Reducing the bloated budget would provide us with billions of dollars to spend toward deprived domestic programs, such as education. In 2011, the federal government spent 20 percent of its revenues on defense programs, but only 2 percent on education, according to the Center on Budget and Policy Priorities. The low education funding only helped test scores fall further behind, student loan debt soar and college tuition prices rise.
It is true that the defense industry creates jobs, but evidence shows that allocating funds toward other sectors like education can create far more. According to a 2011 study conducted by the University of Massachusetts’ Political Economy Research Institute, spending $1 billion on educational services would create an average of 26,700 jobs, whereas the same amount spent on defense creates only 11,200 jobs.
If Obama wins the 2012 election, his suggested 4.9 percent decrease in defense spending may not be enough.
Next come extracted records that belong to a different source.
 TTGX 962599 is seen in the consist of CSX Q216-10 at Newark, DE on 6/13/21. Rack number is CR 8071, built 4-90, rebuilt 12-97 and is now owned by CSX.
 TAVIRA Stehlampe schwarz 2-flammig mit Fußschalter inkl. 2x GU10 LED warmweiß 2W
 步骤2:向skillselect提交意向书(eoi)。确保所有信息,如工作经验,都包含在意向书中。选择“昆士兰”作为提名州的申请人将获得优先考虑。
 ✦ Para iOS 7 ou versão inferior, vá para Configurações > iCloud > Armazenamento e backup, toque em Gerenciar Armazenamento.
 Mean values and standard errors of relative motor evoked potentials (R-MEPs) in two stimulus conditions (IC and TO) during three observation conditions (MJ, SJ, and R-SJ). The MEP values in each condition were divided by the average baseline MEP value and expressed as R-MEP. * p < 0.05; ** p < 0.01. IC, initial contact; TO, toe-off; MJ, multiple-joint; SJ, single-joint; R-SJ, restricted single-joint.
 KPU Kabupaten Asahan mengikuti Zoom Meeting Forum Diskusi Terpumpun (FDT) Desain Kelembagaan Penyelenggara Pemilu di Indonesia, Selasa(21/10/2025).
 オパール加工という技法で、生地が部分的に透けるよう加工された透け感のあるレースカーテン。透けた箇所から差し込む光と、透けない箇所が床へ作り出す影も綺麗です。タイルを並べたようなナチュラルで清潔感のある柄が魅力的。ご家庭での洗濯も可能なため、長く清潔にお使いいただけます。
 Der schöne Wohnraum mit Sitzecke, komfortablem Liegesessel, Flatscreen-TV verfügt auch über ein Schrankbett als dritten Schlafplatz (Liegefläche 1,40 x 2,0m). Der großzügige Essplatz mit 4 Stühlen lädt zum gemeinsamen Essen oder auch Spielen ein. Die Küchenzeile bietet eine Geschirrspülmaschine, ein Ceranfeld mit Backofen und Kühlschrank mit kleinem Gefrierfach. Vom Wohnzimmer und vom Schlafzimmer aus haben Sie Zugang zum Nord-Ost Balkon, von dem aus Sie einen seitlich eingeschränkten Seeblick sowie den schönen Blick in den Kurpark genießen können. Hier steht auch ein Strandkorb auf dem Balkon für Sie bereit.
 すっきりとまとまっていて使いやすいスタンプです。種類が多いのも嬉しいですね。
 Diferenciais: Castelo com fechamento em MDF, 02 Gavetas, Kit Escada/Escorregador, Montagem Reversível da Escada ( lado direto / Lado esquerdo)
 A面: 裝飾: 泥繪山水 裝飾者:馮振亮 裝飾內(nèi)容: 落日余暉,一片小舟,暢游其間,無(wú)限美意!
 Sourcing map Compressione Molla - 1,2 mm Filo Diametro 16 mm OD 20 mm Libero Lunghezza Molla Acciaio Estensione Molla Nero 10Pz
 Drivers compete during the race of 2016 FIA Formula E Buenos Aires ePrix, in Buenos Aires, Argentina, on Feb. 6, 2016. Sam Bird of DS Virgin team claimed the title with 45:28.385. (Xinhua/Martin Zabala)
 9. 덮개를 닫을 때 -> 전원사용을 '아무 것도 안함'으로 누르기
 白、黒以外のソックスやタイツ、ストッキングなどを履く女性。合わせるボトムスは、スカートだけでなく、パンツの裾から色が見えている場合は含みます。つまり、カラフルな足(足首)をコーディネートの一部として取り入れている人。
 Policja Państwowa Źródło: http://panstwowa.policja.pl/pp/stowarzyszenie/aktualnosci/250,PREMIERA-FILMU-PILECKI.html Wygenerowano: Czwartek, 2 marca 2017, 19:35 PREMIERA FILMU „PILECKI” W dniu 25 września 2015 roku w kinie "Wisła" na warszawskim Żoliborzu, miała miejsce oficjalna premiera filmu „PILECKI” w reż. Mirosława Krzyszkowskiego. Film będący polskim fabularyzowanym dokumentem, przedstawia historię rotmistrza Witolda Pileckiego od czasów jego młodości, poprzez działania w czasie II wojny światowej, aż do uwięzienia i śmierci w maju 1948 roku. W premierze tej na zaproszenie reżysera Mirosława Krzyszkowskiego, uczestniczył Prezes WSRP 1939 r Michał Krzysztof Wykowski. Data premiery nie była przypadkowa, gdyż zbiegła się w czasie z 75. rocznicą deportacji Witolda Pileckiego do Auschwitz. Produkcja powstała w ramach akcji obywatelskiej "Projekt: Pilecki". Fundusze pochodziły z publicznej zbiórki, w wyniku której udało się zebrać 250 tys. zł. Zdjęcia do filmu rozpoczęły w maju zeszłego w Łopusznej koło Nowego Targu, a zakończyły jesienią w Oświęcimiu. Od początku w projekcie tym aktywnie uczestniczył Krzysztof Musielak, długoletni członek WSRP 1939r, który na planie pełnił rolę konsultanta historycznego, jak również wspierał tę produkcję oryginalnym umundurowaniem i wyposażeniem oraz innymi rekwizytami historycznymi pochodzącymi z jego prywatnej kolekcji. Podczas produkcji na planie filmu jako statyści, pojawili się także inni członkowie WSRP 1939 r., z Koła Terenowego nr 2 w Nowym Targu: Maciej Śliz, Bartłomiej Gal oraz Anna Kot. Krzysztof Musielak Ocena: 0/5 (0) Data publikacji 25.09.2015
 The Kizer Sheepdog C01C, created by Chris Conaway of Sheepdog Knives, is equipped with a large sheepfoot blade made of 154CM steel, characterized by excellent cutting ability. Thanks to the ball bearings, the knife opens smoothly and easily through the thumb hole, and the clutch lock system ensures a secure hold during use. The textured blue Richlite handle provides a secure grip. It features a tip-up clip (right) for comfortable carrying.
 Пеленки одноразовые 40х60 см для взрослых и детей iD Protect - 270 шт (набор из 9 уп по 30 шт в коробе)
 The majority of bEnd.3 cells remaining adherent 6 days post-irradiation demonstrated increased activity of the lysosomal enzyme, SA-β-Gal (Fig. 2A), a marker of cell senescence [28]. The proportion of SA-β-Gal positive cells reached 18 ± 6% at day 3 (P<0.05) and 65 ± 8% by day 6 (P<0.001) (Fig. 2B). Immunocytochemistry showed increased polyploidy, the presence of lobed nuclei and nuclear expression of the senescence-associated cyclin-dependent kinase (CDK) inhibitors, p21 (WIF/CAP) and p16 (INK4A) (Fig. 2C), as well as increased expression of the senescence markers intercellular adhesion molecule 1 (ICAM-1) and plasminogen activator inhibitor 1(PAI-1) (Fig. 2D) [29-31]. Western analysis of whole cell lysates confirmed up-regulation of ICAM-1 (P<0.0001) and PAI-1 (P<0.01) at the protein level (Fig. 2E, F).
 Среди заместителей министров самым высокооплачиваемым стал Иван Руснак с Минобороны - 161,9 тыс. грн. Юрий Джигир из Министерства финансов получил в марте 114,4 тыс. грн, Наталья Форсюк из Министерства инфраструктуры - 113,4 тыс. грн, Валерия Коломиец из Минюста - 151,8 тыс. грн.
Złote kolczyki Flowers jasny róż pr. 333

Over time, his current proposal would cause the defense budget to slowly increase to previous levels. If Republican presidential candidate Mitt Romney wins the election, on the other hand, the defense budget would increase nearly $100 billion in 2013 and add $2.1 trillion in additional spending over the next decade, according to an analysis done for CNN Money by the Center for a New American Security. Romney proposes to link the Pentagon’s defense budget to the country’s Gross Domestic Product, which means if the economy falls, defense spending does too.
Hopefully voters will take the candidates’ proposed defense budgets into consideration when choosing the next American president. Either way, Congress needs to devise a sensible plan that reduces budget spending, provides extra funds and allocates them to vital services that are currently lacking in financial support.